When are personal stories and experiences relevant to the success of your business?
Once upon a time, businesses had the same templates on their sites: Who they were, their mission statement, and how they contributed to their communities.
Then came the rise of online businesses: Coaches, VAs, Influencers, and many more.
Suddenly, the template of the standard business plan began to vanish and the navigation bar evolved.
Away went the mission statement. Gone were the corporate headshots of individual staff members and the standard (all smiles) corporate family photo (normally shot from above looking down – can you tell I was in a few of these?)
In came the media kits the size of a small novel, about us pages that tell you the most personal (yet compelling) stories of the individual’s rise, fall, and at last triumph; opt-ins to get weekly details of what’s going on in their lives, online courses and consultations where you can work with them directly, you name it.
With one click, you can learn the entire journey of an individual – where they are from, how they were raised, their failures, what they overcame, what makes them tick, what keeps them motivated and finally – how all of that birthed their business idea.
The problem/question is – do you need to know all of this for the design your graphic logo? Was this information relevant for you to make a customize onesie for a newborn?
There is a time and place for deep personal stories. It is more relevant when your potential client needs you to be able to empathize with their struggles and journeys.
You wouldn’t want a woman with biological kids to be a coach for women suffering from infertility.
Now can she, sure!
Anyone with proper training can be anything they want to be; BUT, a woman going through that struggle may want someone who can relate to her on a personal level – having been in her shoes.
The times are changing and we are on a crowded information highway.
With a quick search, you will find hundreds (if not thousands) of individuals in a particular field SO being able to standard out by telling YOUR story may be the way to go.
As Kim Coles said at a conference I recently attended: “Everyone has a story to tell.”
Your story is what makes it unique to work WITH you. Who you are makes an individual’s experience different.
For me, I am a “Navy Brat” (always hated that term). Having not one but TWO military parents, my work ethic is a direct reflection of growing up in a military household.
Do my clients need to know this? No and it isn’t anywhere on my site (OK well now it is within this blog…but you get the point).
We can all provide the same thing (relationship coach, life coach, business coach, virtual assistant, social media manager) but who we are and how we do it is the story we should be telling (to a certain extent).
Again, do we all need to tell the trials and tribulations we went through to get where we are?
Sorry, but that is just my opinion.
If your role does not require compassion to be a staple in your services – your 8 mile walk to school, up hill both ways, isn’t going to land my business if I need my logo on a polo shirt BUT it will if I need a copywriter who can relate to my target audience.
Side story: During my time working as tech support with a marketing agency, I was on a client call with a financial adviser for widows and the staff copywriter.
During the call, the financial adviser (who was already a little uneasy) was trying to convey the importance of creating a story/scene for the reader to understand the importance of what she was trying to promote.

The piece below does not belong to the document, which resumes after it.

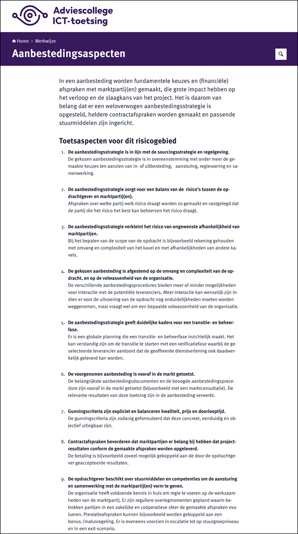 Aanbestedingsaspecten – Adviescollege ICT-toetsing

Unbeknownst to the client and myself – the copywriter’s mother was a widow.
She shared the story with the client to explain she understood the significance of how the message was written, having seen what her own mother went through.
The financial adviser’s tone COMPLETED changed and you could hear the ease as she was so happy the writer could write from a place of experience.
At the end of the day, the choice is yours – it is your business and your website.
Whether you choose to make it personal or keep it professional, your story is yours to tell – so own it, tell it, and be proud of it!